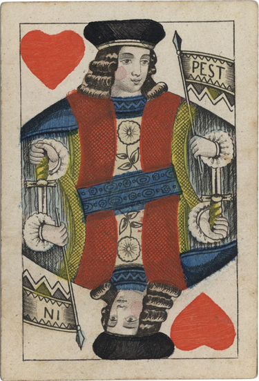 Wiener Bild, kolorierter Kupferstich, 1. Ungarische Spielkartenfabrik, Budapest um 1870
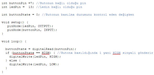Butona basıldığında led’in yanmasını ve butona basılmadığında led sönmesini sağlayacak kodları yazalım.
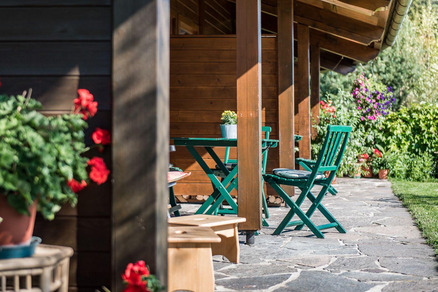 Tisch Sitzgelegenheiten schön geschützt vor Wind und Wetter mit herrlicher Aussicht in das Inntal
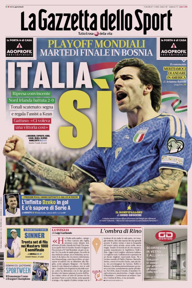 - 06:45 PRIMA PAGINA - La Gazzetta dello Sport: "Italia sì"

> _Directions_: Could you write out the whole listing exactly, skipping every picture?

> _Response area_:
 Wiener Bild, kolorierter Kupferstich, 1. Ungarische Spielkartenfabrik, Budapest um 1870
Butona basıldığında led’in yanmasını ve butona basılmadığında led sönmesini sağlayacak kodları yazalım.
 Tisch Sitzgelegenheiten schön geschützt vor Wind und Wetter mit herrlicher Aussicht in das Inntal
 - 06:45 PRIMA PAGINA - La Gazzetta dello Sport: "Italia sì"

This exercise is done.